Hieromartyr
- Born: Syria Palaestina
- Died: ca. 311 AD Phaeno
- Venerated in: Oriental Orthodox Church Eastern Orthodox Church Roman Catholic Church
- Canonized: Pre-Congregation
- Feast: May 4

= Silvanus of Gaza (hieromartyr) =

Palestinian martyr of the Orthodox and Roman Catholic churches

Silvanus of Gaza, also Hieromartyr Silvanus of Gaza was bishop of Gaza and a martyr during the Great Persecution, together with 39 other Christians. He is venerated as a saint by the Roman Catholic and the Eastern Orthodox Church and his feast day is the 4 May and the 14 October, respectively.

==Biography==
Silvanus was most likely born and raised in Gaza. Little is known of his life, but he seems to have been a soldier during his young manhood before he became a priest. He then became known for his life of exemplary rectitude and piety and was therefore made presbyter of the Gazan church.

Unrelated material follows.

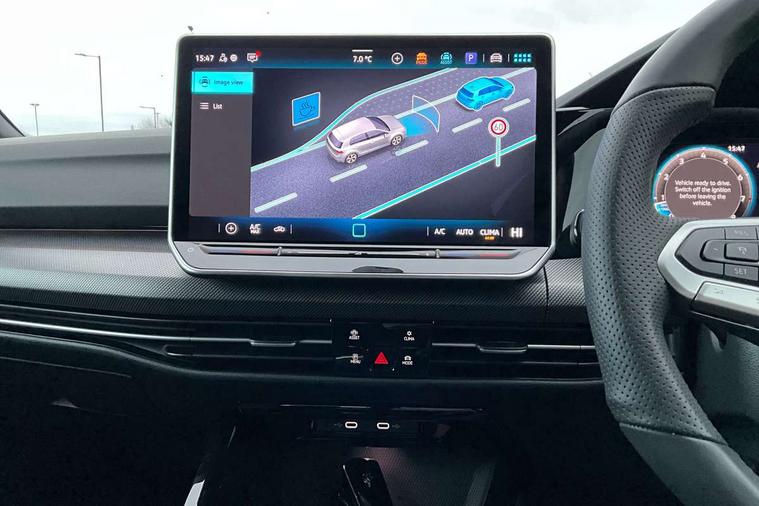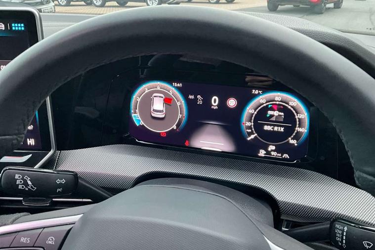 Activated carbon canister, Adaptive cruise control (ACC), Advanced driver attention and drowsiness monitor, Dynamic road sign display, Dynamic steering, E-Sim card for online connectivity, eCall emergency call system, Multi-color Digital cockpit pro, selection of different info profile possible, Multifunction front facing camera for distance control, Navigation system, Oncoming vehicle braking when turning including swerve support, Preparation for light assist system, Speed limiter, Speedo, rev counter, electronic odometer, trip, service interval display, exterior temperature and fuel gauge, Traffic jam assist, Voice enhancer and voice control, Warning signal and warning light for front and rear seatbelts not fastened, We connect plus preparation, We connect preparation, Wireless app connect, Petrol Particulate Filter, Start-stop system with battery regeneration (recuperation - energy recovery during braking), XDS electronic differential lock for improved traction and handling, 2 USB C ports in front, 2 USB charging sockets on the centre console in the rear charging capacity upto 45W, Comfort telephony + wireless charging, without wireless aerial connection, Digital radio reception (DAB), Diversity antenna for FM reception, Gaming platform via car app, Infotainment system with 12.9" display, Mobile phone interface with inductive charging feature, 3rd brake light, Auto headlights, Automatic headlamp activation with Coming home and Leaving home feature, Body colored bumpers in R-Line style, Body colour door handles, Exterior ambient lighting with illuminated door handles, Exterior mirrors convex on the left and aspherical on the right, Front and rear electric windows, Heat insulating windshield made of laminated glass, LED daytime running lights, Rear exhaust tailpipe, Rear fog light on one side and reversing lights on both sides, Rear side wing doors, Rear windscreen washer and wiper with interval delay, Remote electrically foldable door mirrors, puddle lights and reverse activated passenger's door mirror, Welcome light with surround lighting, 12V socket in front centre console, 12V socket in luggage compartment, 3 rear head restraints, 3 seat bench in 2nd row, Ambient lighting with 30 colour including LED light unit in front footwell with selectable light colour, Brushed stainless steel pedals, Carpet mats, front and rear, Chrome plated radiator grille inserts, air vent surrounds and light switch surrounds, Front centre armrest, Integrated front head restraints, ISOFIX anchors for child seats on outer rear bench seats and on front passanger seat compatible for i-Size, Leather gearshift handle, Luggage compartment lighting, Premium sports seats in front, Rear cupholder and loadthough, Single front passenger seat, Soul black instrument panel, Split folding backrest with centre armrest and unsplit rear seat bench, Storm grey roof lining, Sun visors with illuminated vanity mirrors, 3 point height adj front seatbelts + pretensioners, 3 rear three point seatbelts, ABS, Autonomous emergency braking front assist with pedestrian and cyclist monitoring, Child locks on rear doors, Driver and front passenger airbag with front passenger airbag deactivation, Electronic parking brake with auto hold, ESC (Electronic Stability Control), Extended pedestrian protection measures, Rear disc brakes, Two tone horn, Tyre pressure loss indicator, Volkswagen roadside assistance, Anti theft wheel bolts, Preparation for alcohol interlock, Decorative inserts carbon grey for dashboard and front door trim panels,

During the Diocletian Persecution he was condemned to work as a slave in the copper mines of Phaeno. By that time he was already old and soon weakened under the atrocious work in the mines, making him incapable of continue to work though he encouraged his fellow Christians to remain strong in their faith. When it was decided that those who were incapable of working in the mines were to be killed, Silvanus and 39 other Christians were martyred. Silvanus was beheaded and was known as hieromartyr as he had become bishop of Gaza.